Health Policy Research Center, Shiraz University of Medical Sciences, Shiraz, Iran.
Health Sciences Research Center, Faculty of Health, Mazandaran University of Medical Sciences, Sari, Iran.
Probiotics Antimicrob Proteins. 2018 Jun;10(2):329-342. doi: 10.1007/s12602-017-9299-1.
Although several studies have evaluated the effect of synbiotic intake on metabolic profiles in patients with diabetes, findings are inconsistent. This systematic review and meta-analysis of randomized controlled trials (RCTs) was conducted to summarize the evidence on the effect of synbiotic intake on metabolic profiles in patients with diabetes. The PubMed, EMBASE, Web of Science, and Cochrane Library databases were systematically searched. All RCTs published up to 12 November 2016 were included. Two review authors independently assessed study eligibility, extracted data, and evaluated risk of bias of included studies. Heterogeneity was measured with a Q test and with I statistics. Data were pooled by using the fix or random-effect model based on the heterogeneity test results and expressed as standardized mean difference (SMD) with 95% confidence interval (CI). A total of seven randomized controlled trials were included. Synbiotic consumption significantly changed glucose metabolism, including fasting plasma glucose (FPG) (SMD = -0.29; 95% CI, -0.47, -0.10), insulin concentrations (SMD = -0.84; 95% CI, -1.61, -0.06), homeostasis model assessment of insulin resistance (HOMA-IR) (SMD = -0.80; 95% CI, -1.58, -0.03), homeostatic model assessment-B cell function (HOMA-B) (SMD = -0.36; 95% CI, -0.71, -0.01), quantitative insulin sensitivity check index (QUICKI) (SMD = 0.46; 95% CI, 0.09, 0.82), and significantly improved lipid profiles, such as triglycerides (SMD = -0.36; 95% CI, -0.55, -0.17), very low density lipoprotein-cholesterol (SMD = -0.31; 95% CI, -0.55, -0.08), and total cholesterol (SMD = -0.32; 95% CI, -0.67, -0.03), but had no effect on low density lipoprotein-cholesterol (SMD = -0.07; 95% CI, -0.58, 0.43) and high density lipoprotein-cholesterol concentrations (SMD = -0.25; 95% CI, -0.81, 0.31). Synbiotic may result in an improvement in FPG, insulin, HOMA-IR, HOMA-B, QUICKI, triglycerides, and total cholesterol.

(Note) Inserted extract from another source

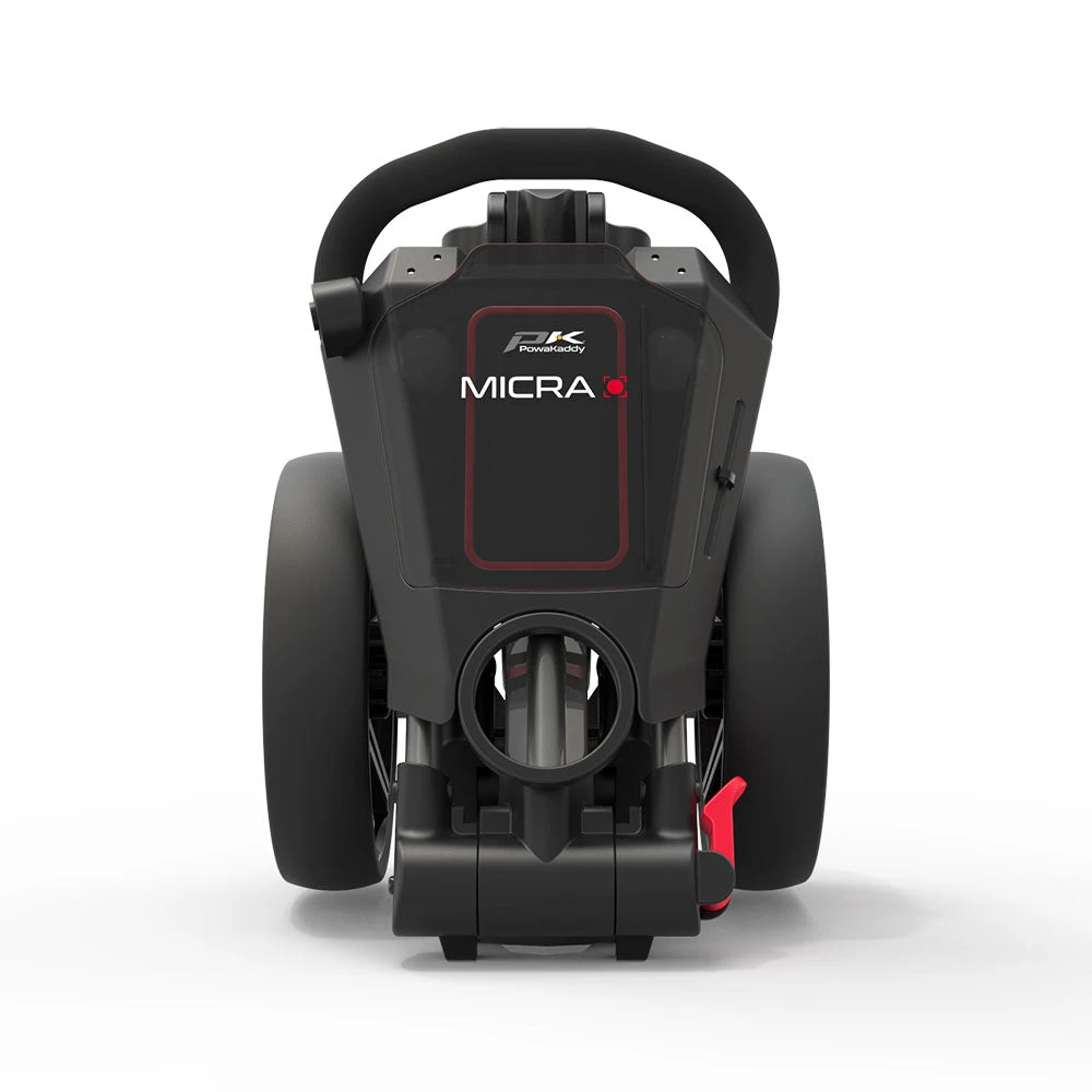 The new Powakaddy Micra is a stylish lightweight and compact push trolley with a simple folding and unfolding mechanism. The clever two-step folding system ensures the Micra folds down compactly to fit into the smallest of spaces. Perfect for when you need that extra room.

尽管有几项研究评估了共生元摄入对糖尿病患者代谢谱的影响,但研究结果并不一致。本系统评价和荟萃分析对随机对照试验(RCT)进行了综述,以总结共生元摄入对糖尿病患者代谢谱影响的证据。系统检索了 PubMed、EMBASE、Web of Science 和 Cochrane 图书馆数据库。纳入了截至 2016 年 11 月 12 日发表的所有 RCT。两名综述作者独立评估了研究的合格性、提取数据,并评估了纳入研究的偏倚风险。采用 Q 检验和 I ² 统计量测量异质性。根据异质性检验结果,采用固定或随机效应模型对数据进行合并,并表示为标准化均数差(SMD)及 95%置信区间(CI)。共纳入 7 项 RCT。共生元的消耗显著改变了葡萄糖代谢,包括空腹血糖(FPG)(SMD = -0.29;95%CI,-0.47,-0.10)、胰岛素浓度(SMD = -0.84;95%CI,-1.61,-0.06)、稳态模型评估的胰岛素抵抗(HOMA-IR)(SMD = -0.80;95%CI,-1.58,-0.03)、稳态模型评估的胰岛β细胞功能(HOMA-B)(SMD = -0.36;95%CI,-0.71,-0.01)、定量胰岛素敏感性检查指数(QUICKI)(SMD = 0.46;95%CI,0.09,0.82),并显著改善了血脂谱,如甘油三酯(SMD = -0.36;95%CI,-0.55,-0.17)、极低密度脂蛋白胆固醇(SMD = -0.31;95%CI,-0.55,-0.08)和总胆固醇(SMD = -0.32;95%CI,-0.67,-0.03),但对低密度脂蛋白胆固醇(SMD = -0.07;95%CI,-0.58,0.43)和高密度脂蛋白胆固醇浓度(SMD = -0.25;95%CI,-0.81,0.31)没有影响。共生元可能导致 FPG、胰岛素、HOMA-IR、HOMA-B、QUICKI、甘油三酯和总胆固醇的改善。